Assigned task: Restate exactly the lines that run from the start of the records below to the line containing "羊皮菱格ファスナー小銭入れ薄", counting both ends, and nothing else; pictures stay out.

Records excerpted from a collection
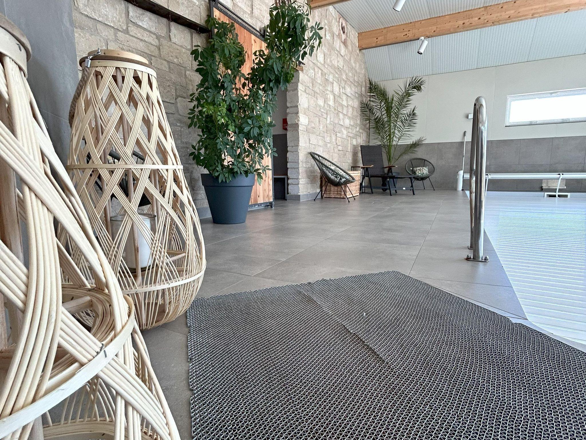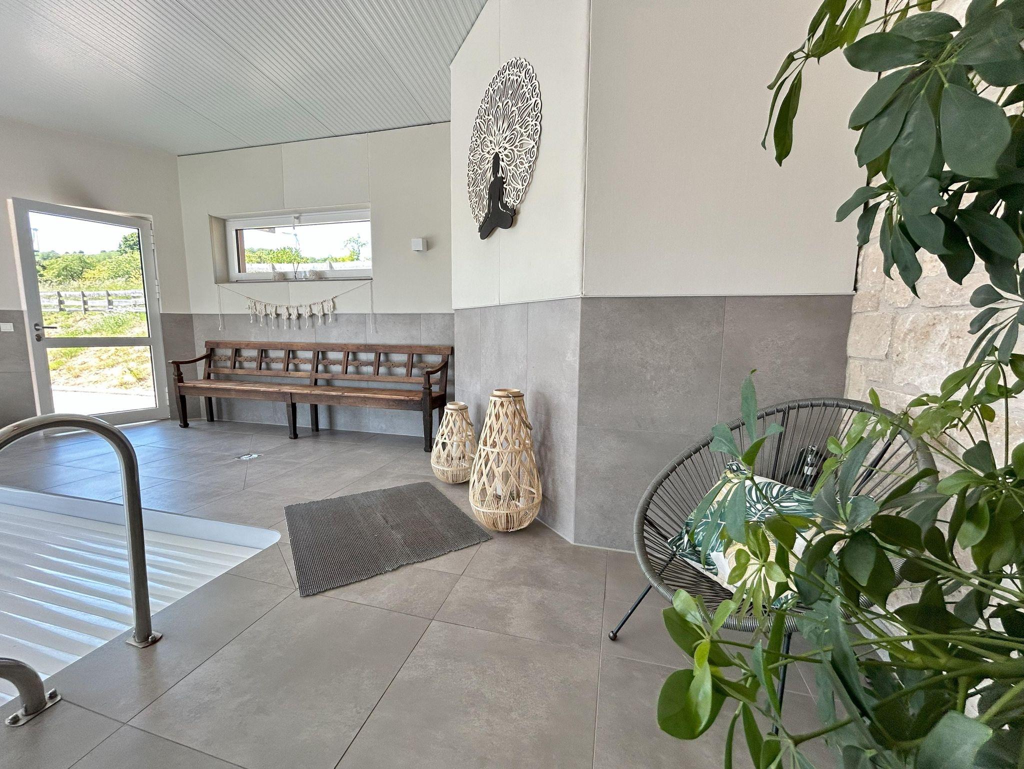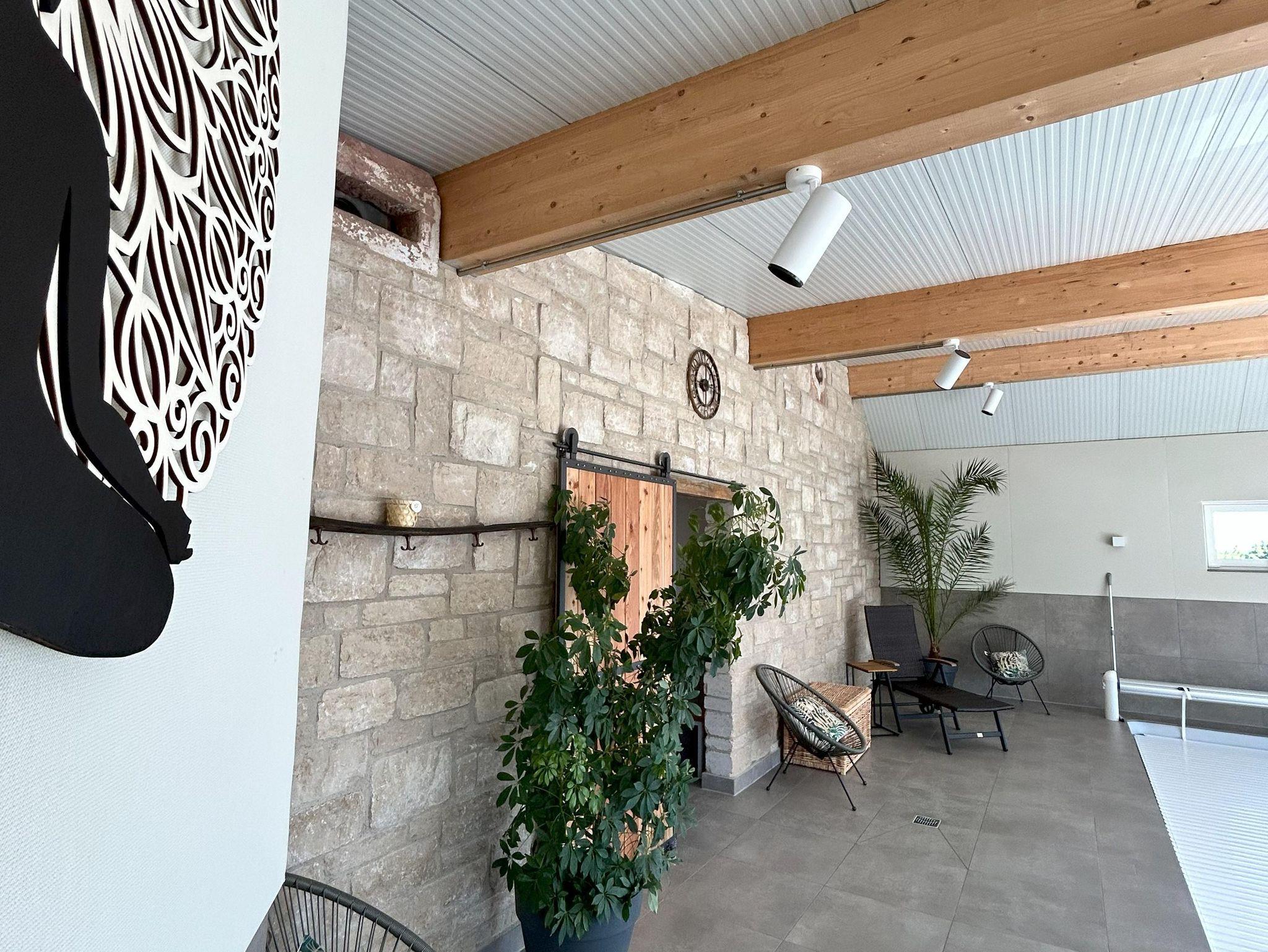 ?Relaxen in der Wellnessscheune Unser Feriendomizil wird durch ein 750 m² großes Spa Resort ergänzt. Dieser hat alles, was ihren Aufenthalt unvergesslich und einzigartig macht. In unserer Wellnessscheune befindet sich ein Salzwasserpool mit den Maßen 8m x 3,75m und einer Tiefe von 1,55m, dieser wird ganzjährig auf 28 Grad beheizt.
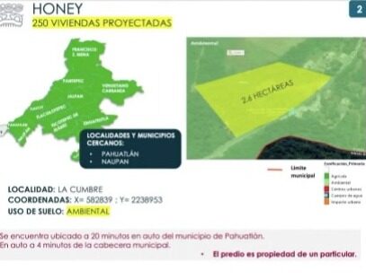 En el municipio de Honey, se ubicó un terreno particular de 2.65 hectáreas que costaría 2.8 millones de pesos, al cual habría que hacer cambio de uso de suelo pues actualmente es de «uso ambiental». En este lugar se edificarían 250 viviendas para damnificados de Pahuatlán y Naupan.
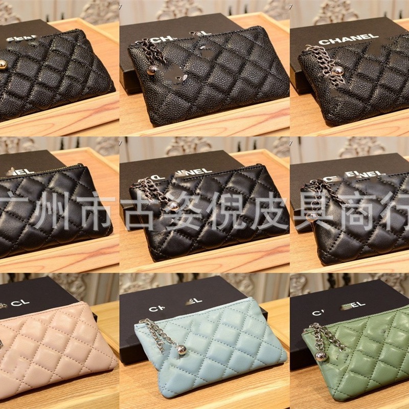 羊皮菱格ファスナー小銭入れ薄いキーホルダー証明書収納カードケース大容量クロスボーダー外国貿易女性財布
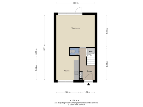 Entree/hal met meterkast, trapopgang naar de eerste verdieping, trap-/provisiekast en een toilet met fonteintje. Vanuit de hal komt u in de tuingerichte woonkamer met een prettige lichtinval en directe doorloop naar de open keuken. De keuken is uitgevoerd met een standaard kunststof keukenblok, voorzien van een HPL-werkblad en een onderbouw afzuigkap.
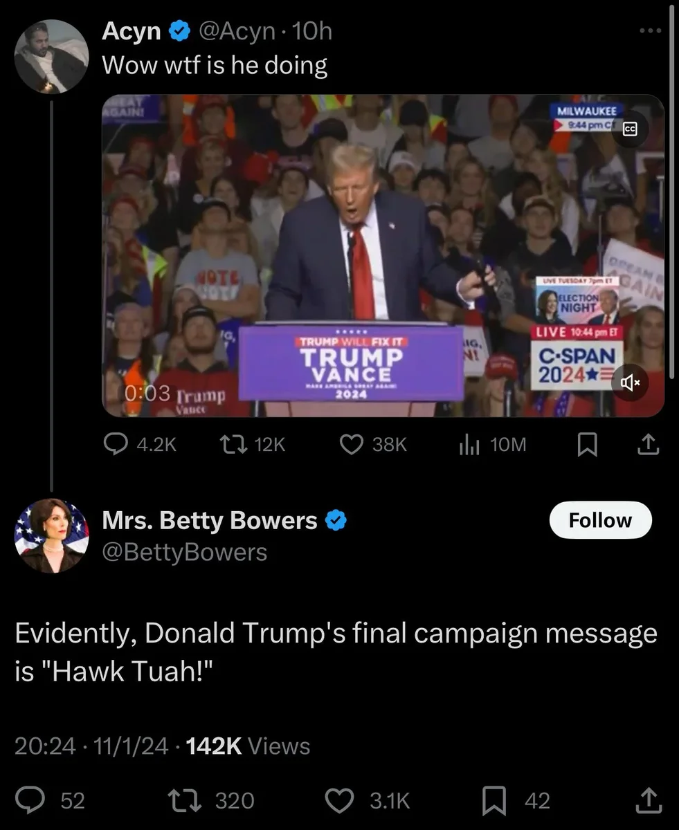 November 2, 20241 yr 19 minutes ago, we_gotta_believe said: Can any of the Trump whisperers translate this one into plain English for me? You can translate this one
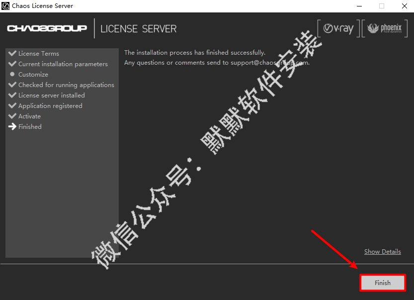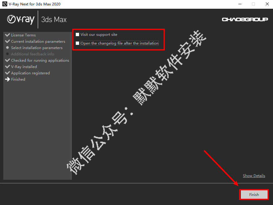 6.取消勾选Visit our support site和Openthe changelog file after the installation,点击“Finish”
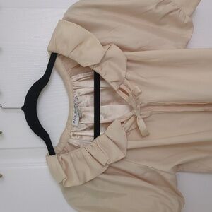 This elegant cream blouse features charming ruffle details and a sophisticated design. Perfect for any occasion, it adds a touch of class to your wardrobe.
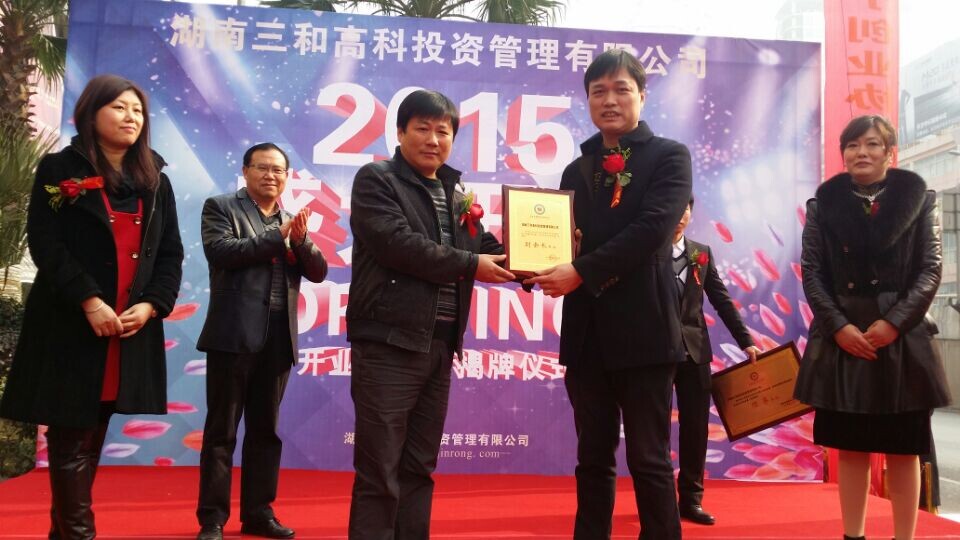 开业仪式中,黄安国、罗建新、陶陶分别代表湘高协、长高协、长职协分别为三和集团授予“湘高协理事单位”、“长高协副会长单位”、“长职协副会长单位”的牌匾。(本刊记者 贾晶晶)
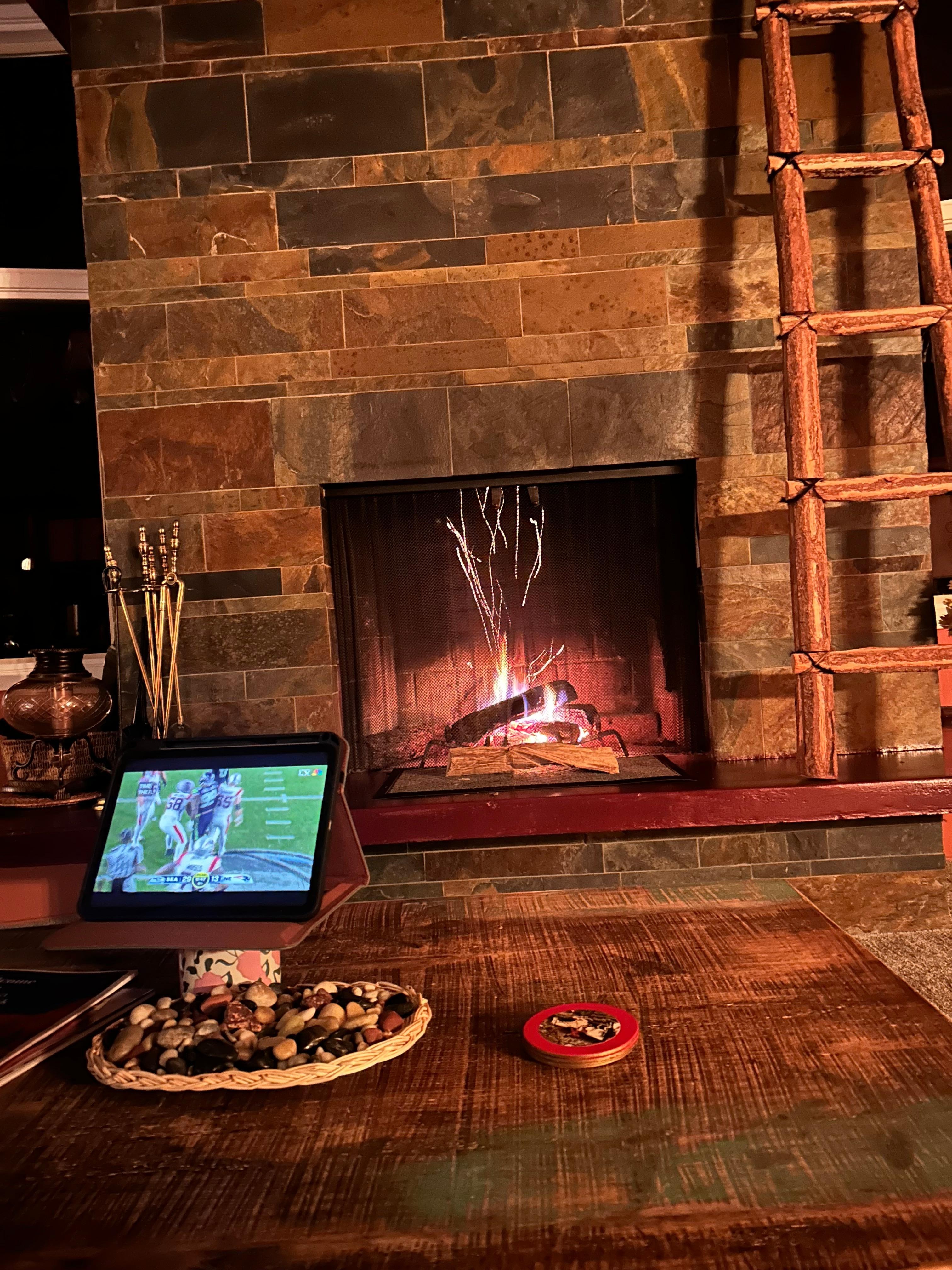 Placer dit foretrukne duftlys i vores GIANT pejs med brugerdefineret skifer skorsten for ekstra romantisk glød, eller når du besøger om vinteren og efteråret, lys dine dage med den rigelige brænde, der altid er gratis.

Result:
 ?Relaxen in der Wellnessscheune Unser Feriendomizil wird durch ein 750 m² großes Spa Resort ergänzt. Dieser hat alles, was ihren Aufenthalt unvergesslich und einzigartig macht. In unserer Wellnessscheune befindet sich ein Salzwasserpool mit den Maßen 8m x 3,75m und einer Tiefe von 1,55m, dieser wird ganzjährig auf 28 Grad beheizt.
 En el municipio de Honey, se ubicó un terreno particular de 2.65 hectáreas que costaría 2.8 millones de pesos, al cual habría que hacer cambio de uso de suelo pues actualmente es de «uso ambiental». En este lugar se edificarían 250 viviendas para damnificados de Pahuatlán y Naupan.
 羊皮菱格ファスナー小銭入れ薄いキーホルダー証明書収納カードケース大容量クロスボーダー外国貿易女性財布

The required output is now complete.